Japanese Patent Publication No. 7-35808

However, the chain disclosed in Japanese Patent Laid-Open No. 2002-340106 has the following problems.
That is, when an axial load is applied to the roller as the roller rotates, the axial load causes a sliding contact between the outer surface of the roller and the side surface of the thrust bearing plate.
This sliding contact causes sliding wear between the outer surface of the roller and the side surface of the thrust bearing plate. This sliding wear reduces the life of the chain.
Further, due to the axial load applied to the roller, the sliding resistance and sliding noise between the outer surface of the roller and the thrust bearing plate increase, and the rotation failure of the roller occurs.
Further, due to the sliding resistance between the outer surface of the roller and the thrust bearing plate, noise is generated, power consumption is increased, and rotation fluctuation of the roller is generated.

The needle roller bearing disclosed in the above Japanese Patent Publication No. 7-35808 has the following problems.
That is, when radial wear of the outer ring, the inner ring and the needle roller proceeds due to the radial load applied to the needle roller bearing, the annular step portion of the outer ring comes into contact with the outer periphery of the thrust washer. There was a problem that rotation failure of the outer ring occurred.
Further, when the outer ring, the inner ring, and the needle rollers are worn in the radial direction, the ball receiving the axial load also receives the radial load, and there is a problem that the wear of the ball is promoted.
In addition, since the ball subjected to the axial load has a structure that is held between the annular step portion of the outer ring and the ball receiving portion of the thrust washer, there is a problem that it is difficult to hold the ball at the time of assembling and the assembling property is poor. there were.

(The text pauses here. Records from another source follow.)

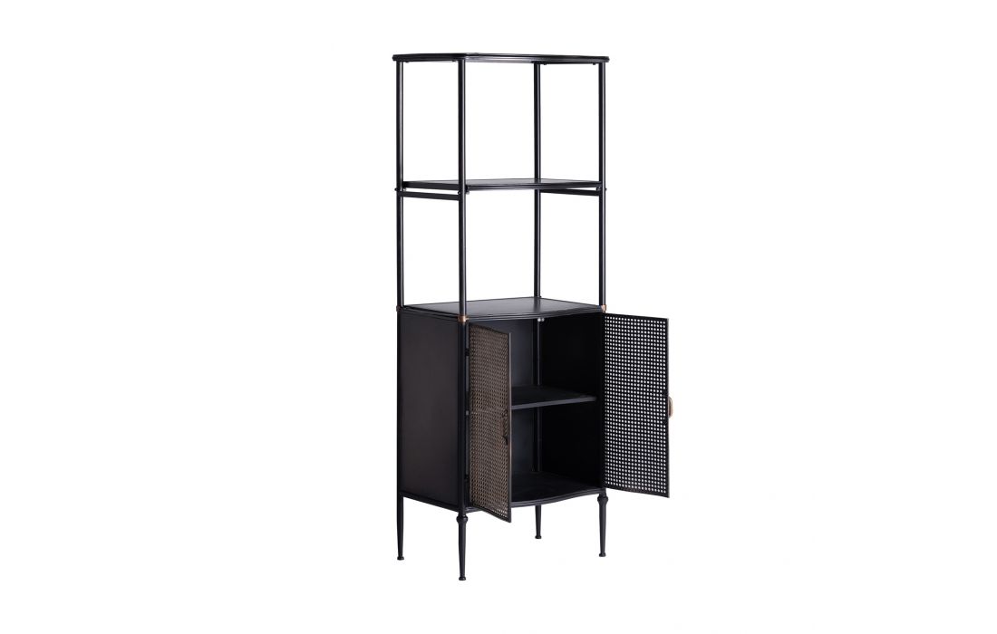 Bookseller made up of a black metallic iron structure combined with a golden color that stars the two doors of the metallic grille cabinet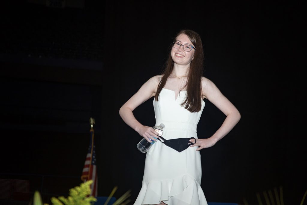 Isabella M. Lombardo poses for a photo after offering the commencement address.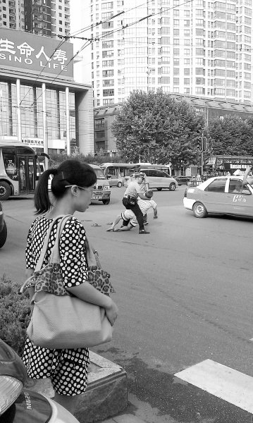 不一会,现场看热闹的市民多起来了,刘某想借此将事态扩大,突然躺在地上装成很可怜的样子。杨警官和另一民警将他扶起搀到路边后,刘某再一次冲到马路中间躺在地上。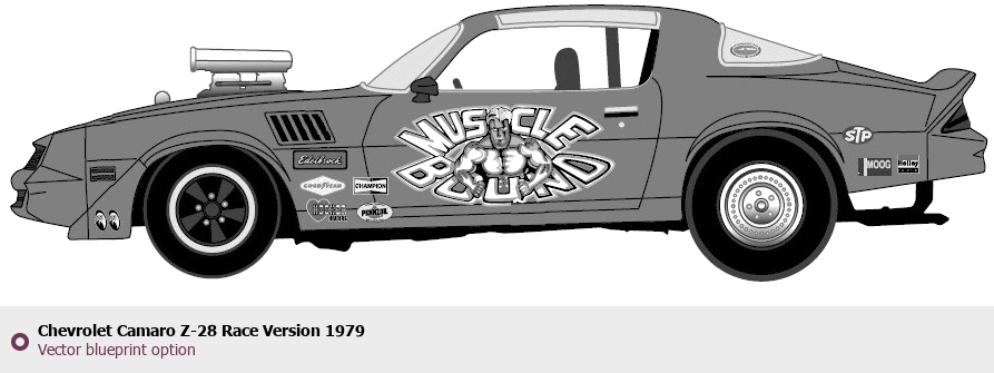 Raster blueprint of the 1979 Chevrolet Camaro Z-28 Race Version Tag. This free downloadable image can be used for graphic projects, digital design, and 3D modeling. The file provides accurate exterior proportions of the vehicle. Model year: 1979. Body type: Tag.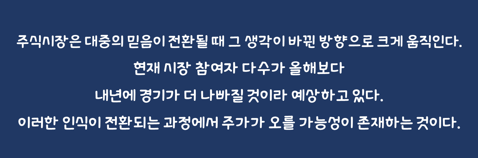 주식시장은 대중의 믿음이 전환될 때 그 생각이 바뀐 방향으로 크게 움직인다. 현재 시장 참여자 다수가 올해보다 내년에 경기가 더 나빠질 것이라 예상하고 있다. 이러한 인식이 전환되는 과정에서 주가가 오를 가능성이 존재하는 것이다. 이것이 우리가 내년 주식시장을 강하게 보는 이유이기도 하다.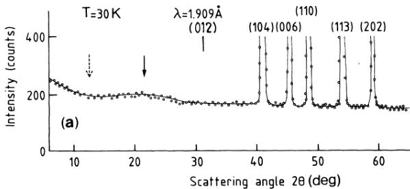 The additional reflections observed at \(T < 25\) K [Fig. 2(b)] may also be indexed with the hexagonal cell of parameters \(a_{0}\) and \(c_{0}\), the same selection rule \(-h + k + l = 3n\) being observed. In that temperature range, no detectable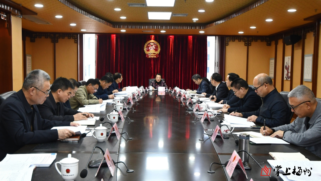 会议传达学习习近平总书记在中央政治局会议上、在中央政治局第二十四次集体学习时、在省部级主要领导干部学习贯彻党的二十届四中全会精神专题研讨班开班式上的重要讲话精神。会议强调,要把习近平总书记重要讲话精神,与习近平总书记在党的二十届四中全会上的重要讲话、关于“十五五”发展的系列重要论述紧密结合起来,与习近平总书记对广东系列重要讲话和重要指示精神贯通起来,一体学习领会,全面贯彻落实。要旗帜鲜明讲政治,发挥好市人大常委会党组把方向、管大局、保落实重要作用,始终把牢人大工作正确政治方向。要深刻把握“十五五”时期梅州人大工作的职责使命,围绕落实省委“1310”具体部署和市委工作安排,聚焦高质量发展首要任务,以实干作风谋划推动人大工作,助推梅州开创现代化建设新局面。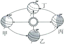6.D 【解析】本题考查地球在公转轨道位置的判读。读图并结合所学可知,以北半球为例,当地球运行到甲位置时,太阳直射北回归线,为夏至日(6月21日前后);当地球运行到丙位置时,太阳直射南回归线,为冬至日(12月22日前后);当地球运行到乙、丁位置时,太阳直射赤道,由于地球自西向东公转,因此乙为秋分日(9月23日前后),丁为春分日(3月21日前后)。2月11日距离春分日最近,此时地球邻近公转轨道的丁处。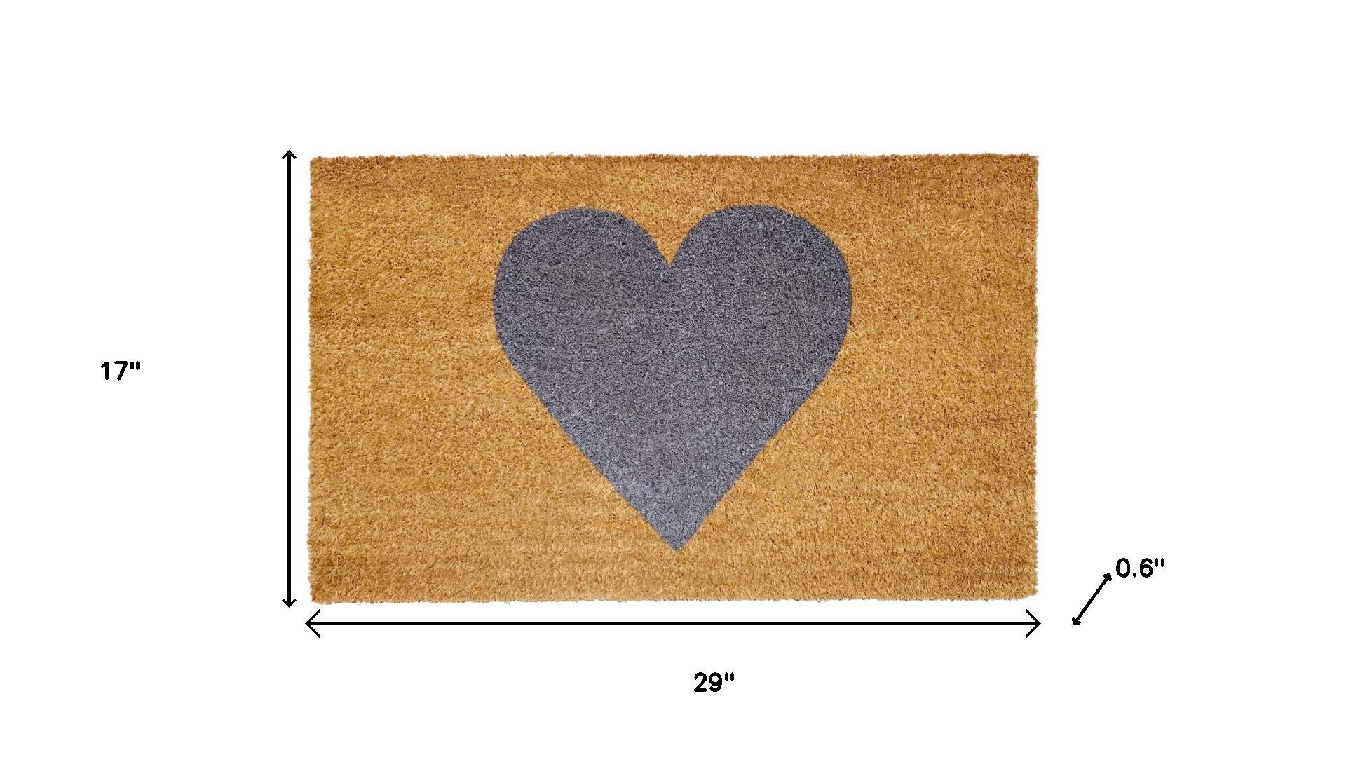Known for it's extreme durability and ability to withstand heavy foot traffic, this 17-inch x 29-inch brown and gray heart outdoor coir door mat is an ideal option for the front door or entrance way of your home or business. Crafted from coconut husks, this mat is not only functional but is an an eco-friendly and visually appealing accessory. The naturally bristled texture of coir is an efficient way to clean dirt and mud from shoes and is easy to clean and maintain. Add this festive and decorative mat to create a practical yet inviting welcome to all who enter. Add this decorative mat to create a practical yet inviting welcome to all who enter. 17.00-inch h x 29.00-inch w x 0.60-inch d.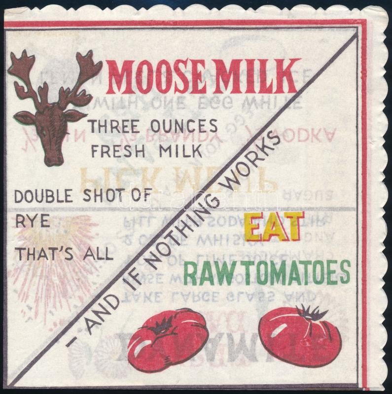 cca 1950-1960 "Moose Milk" feliratú szalvéta, 17×17 cm https://www.darabanth.com/de/374-Fernauktion/374.0/Kunst-Dokumente-andere-Sammelgebiete/Werbungen~22/cca-1950-1960-Moose-Milk-feliratu-szalveta-17C39717-cm~II2190165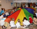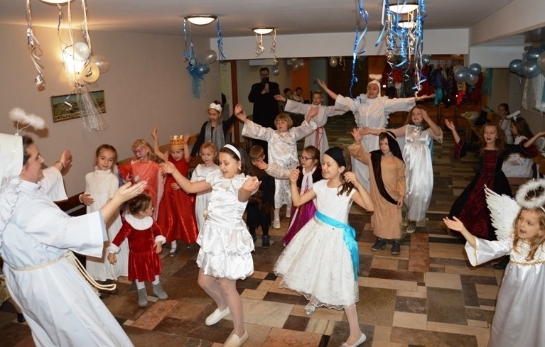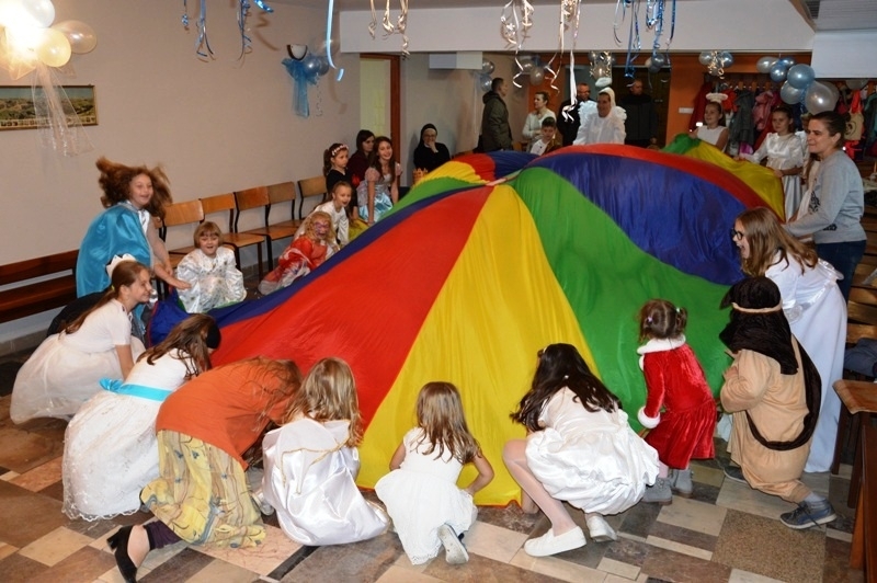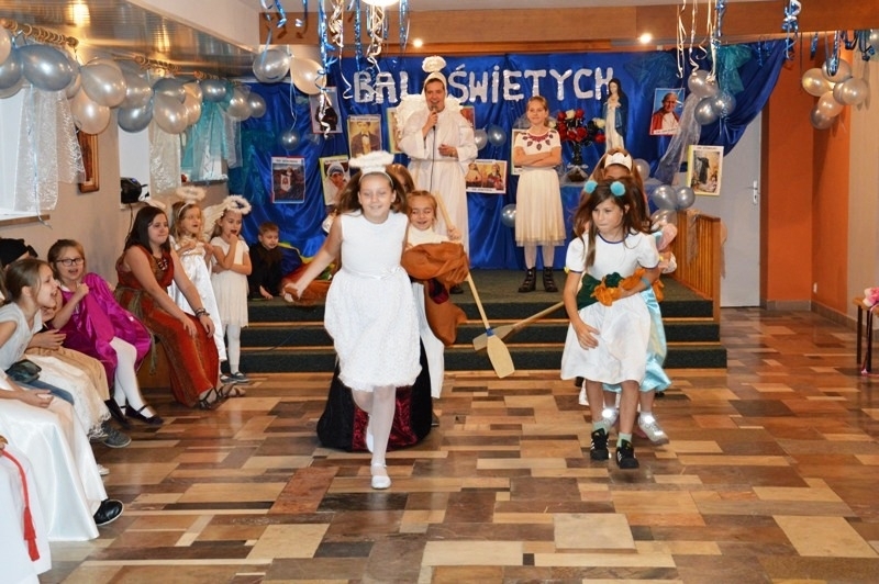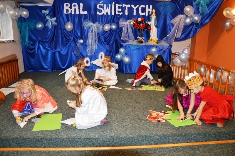 Udział w spotkaniu ewangelizacyjnym wzięły dzieci należące do grup parafialnych m.in. Scholii, Dziewczęcej Służby Maryjnej, Ministrantów oraz dzieci ze „Świetlicy pod Aniołem”. W pięknych strojach przedstawiających Świętych – znanych i mniej znanych, przy wspólnej zabawie animowanej przez Siostry i Księdza Mariusza Mołasa, dzieci uczyły się przeżywać zgodnie z wiarą Uroczystość Wszystkich Świętych. Czas spędzony wśród śpiewu i radości pokazał wszystkim zebranym, że świętość w życiu jest źródłem szczęścia, ponieważ bliska relacja z Bogiem i miłość do bliźnich jest przyczyną prawdziwego, szczerego uśmiechu i entuzjazmu w codzienności.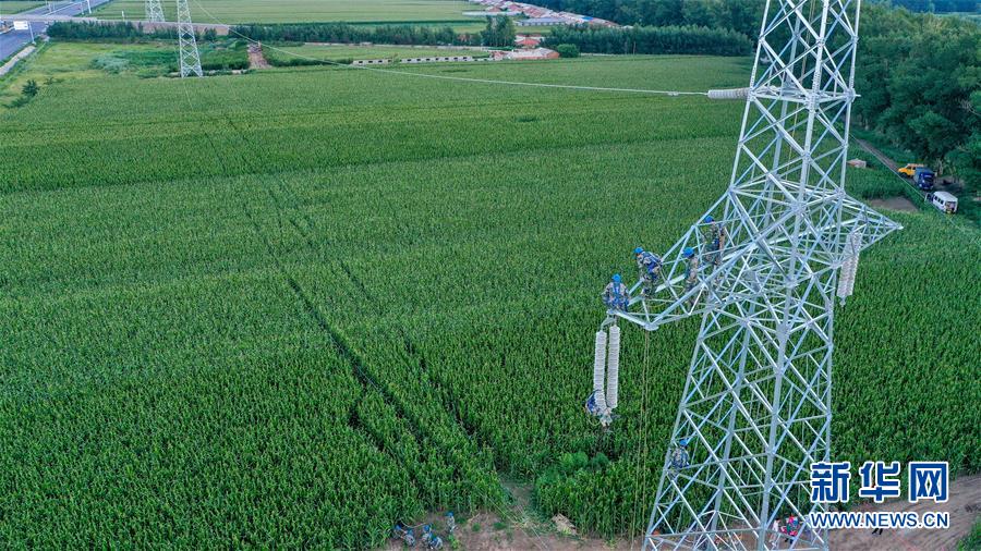 8月6日,幾名送電工在吉林省長春市城郊的一處輸電鐵塔上施工作業(yè)(無人機(jī)照片)。吉林省長春市連續(xù)多日出現(xiàn)高溫天氣,國網(wǎng)長春供電公司輸電運(yùn)檢中心的送電工們每天清晨開始作業(yè),不畏烈日“烤”驗(yàn),堅(jiān)守工作崗位,確保工程按計劃完成。新華社記者張楠攝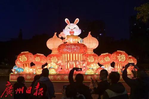 白天赏花,晚上观灯,越秀公园延续春节赏花灯的文化传统。正门、东门等主要门岗和园道,布置了数组新年氛围的大型彩灯,有高8米的开门大吉桔子树,有可爱的生肖兔,还有上百个灯笼打造的祝福长廊。
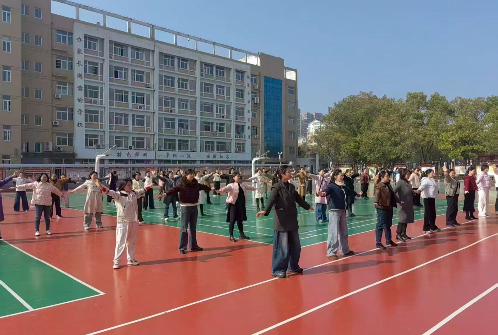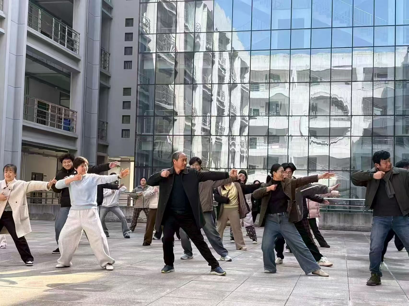 在此基础上,校工会联合机关党委向机关全体教师发起工间操活动倡议,于工作日上午大课间在正行楼前集中开展八段锦练习,由专业教练现场带练指导。活动自启动以来已连续举办多日,教职工参与热情持续高涨,在传统养生功法的习练中强健体魄、放松身心,形成了浓厚的健康锻炼氛围。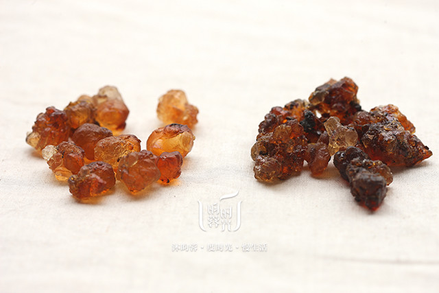 昀蓉时光野生特级桃胶(左)与市面上的桃胶(右)对比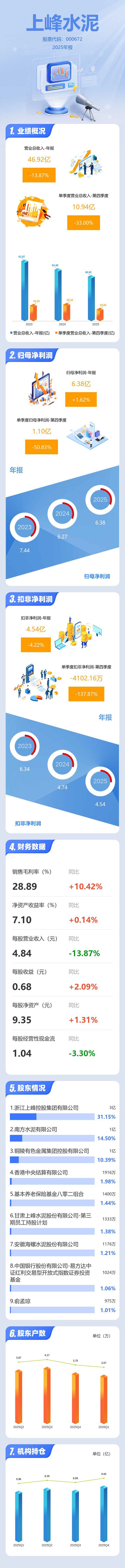 证券之星消息,上峰水泥2025年年报显示,当年度公司主营收入46.92亿元,同比下降13.87%;归母净利润6.38亿元,同比上升1.62%;扣非净利润4.54亿元,同比下降4.23%;其中2025年第四季度,公司单季度主营收入10.94亿元,同比下降33.0%;单季度归母净利润1.1亿元,同比下降50.83%;单季度扣非净利润-4102.16万元,同比下降137.87%;负债率41.26%,投资收益-4140.12万元,财务费用7537.64万元,毛利率28.89%。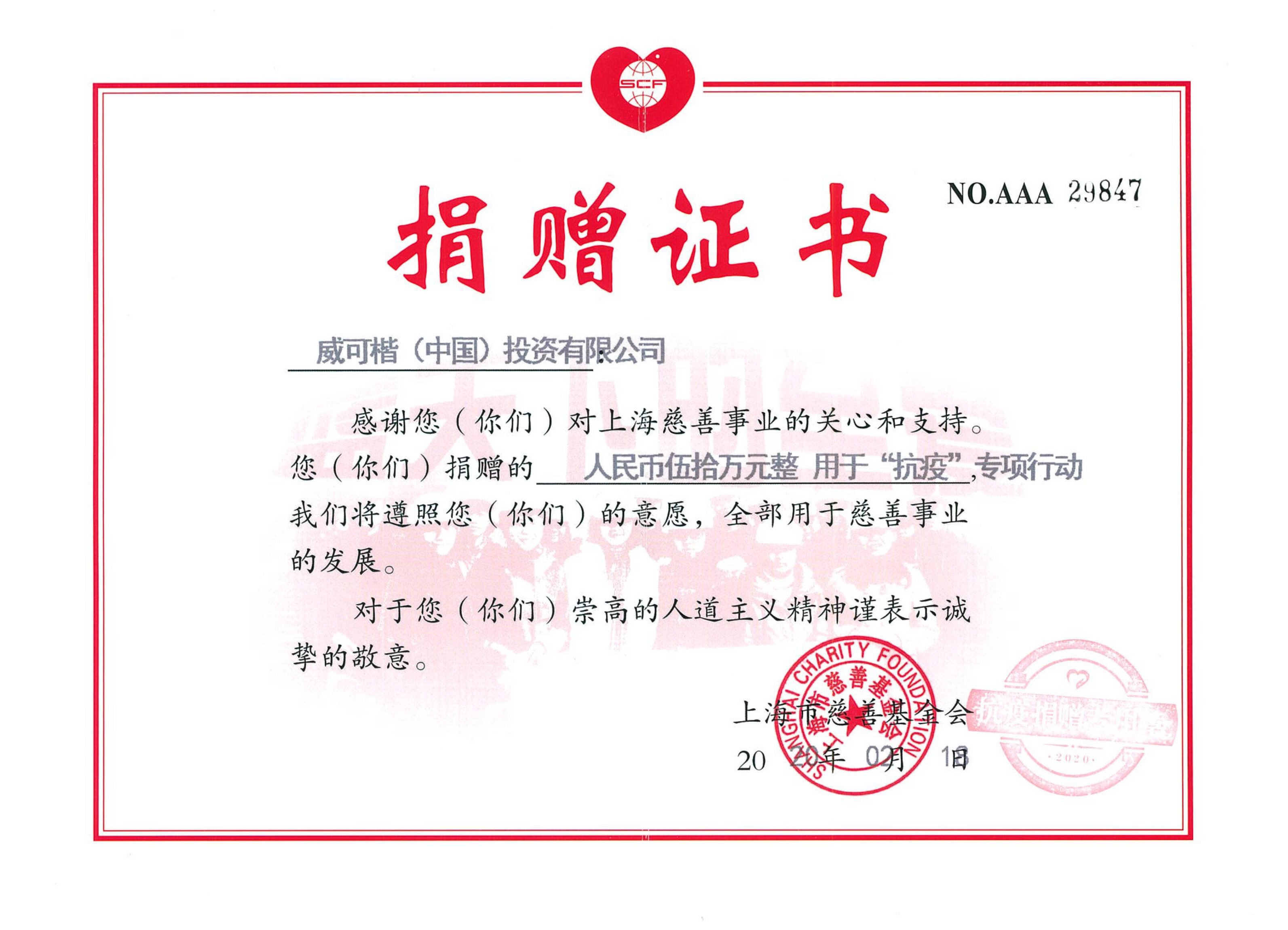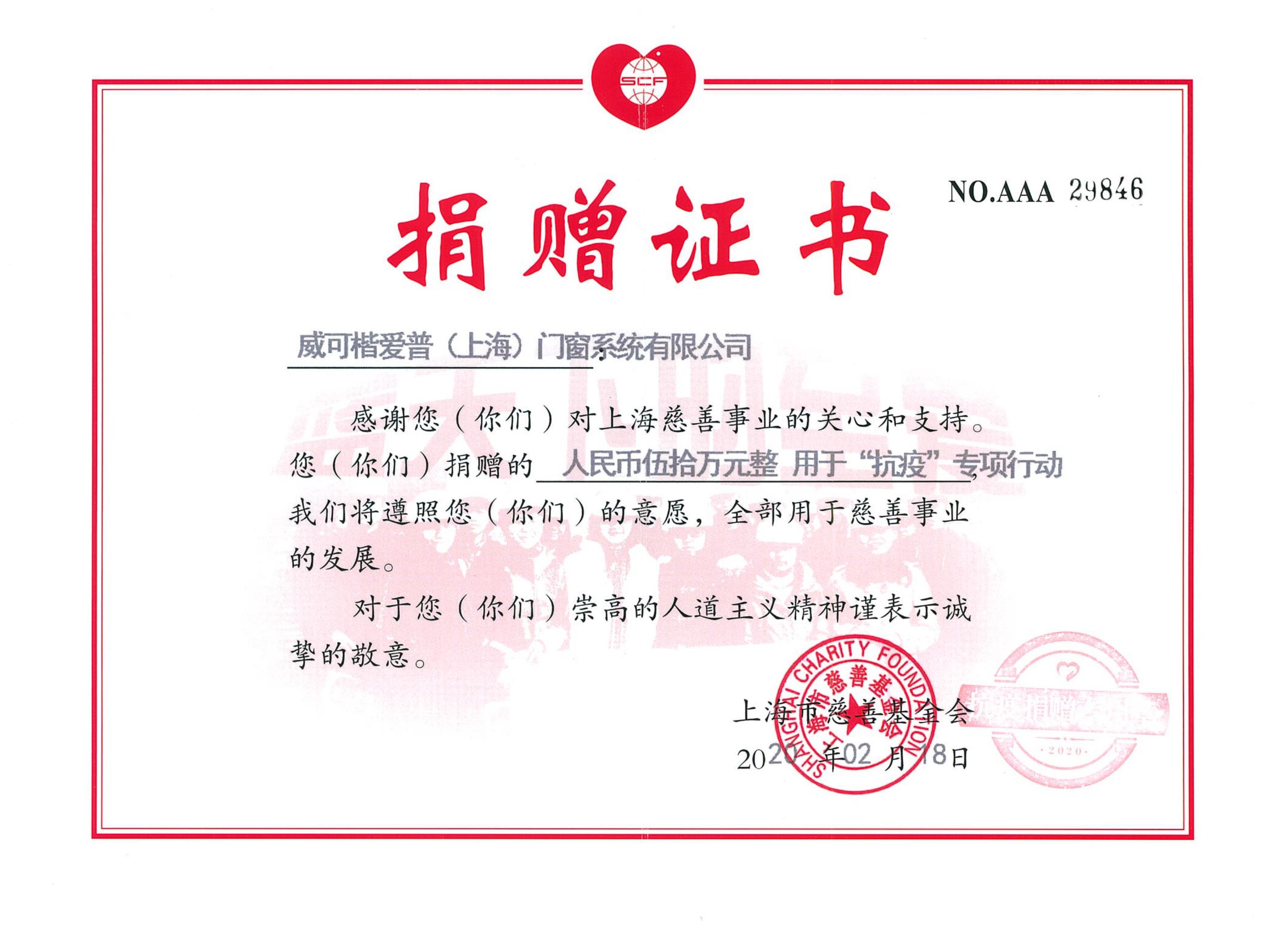 2020年2月17日,威可楷愛(ài)普(上海)門(mén)窗系統(tǒng)有限公司和威可楷(中國(guó))投資有限公司通過(guò)上海市慈善基金會(huì)分別捐款50萬(wàn)元人民幣,總計(jì)100萬(wàn)元人民幣,用于抗擊湖北省新型冠狀病毒肺炎疫情的專(zhuān)項(xiàng)行動(dòng)。在此之前,YKK集團(tuán)下屬的中國(guó)發(fā)斯寧事業(yè)公司捐贈(zèng)了72萬(wàn)根拉鏈用于醫(yī)用防護(hù)服等抗疫物資,為打贏疫情防控狙擊戰(zhàn)貢獻(xiàn)自己的一份力量。

  Therefore, the present invention solves the conventional problems, that is, the object of the present invention is to provide a roller bearing type chain in which a plurality of rollers are incorporated between the outer peripheral surface of the bush and the inner peripheral surface of the roller. The present invention provides a roller bearing type chain that reduces sliding wear or sliding resistance of a roller to which an axial load is applied and has good assemblability.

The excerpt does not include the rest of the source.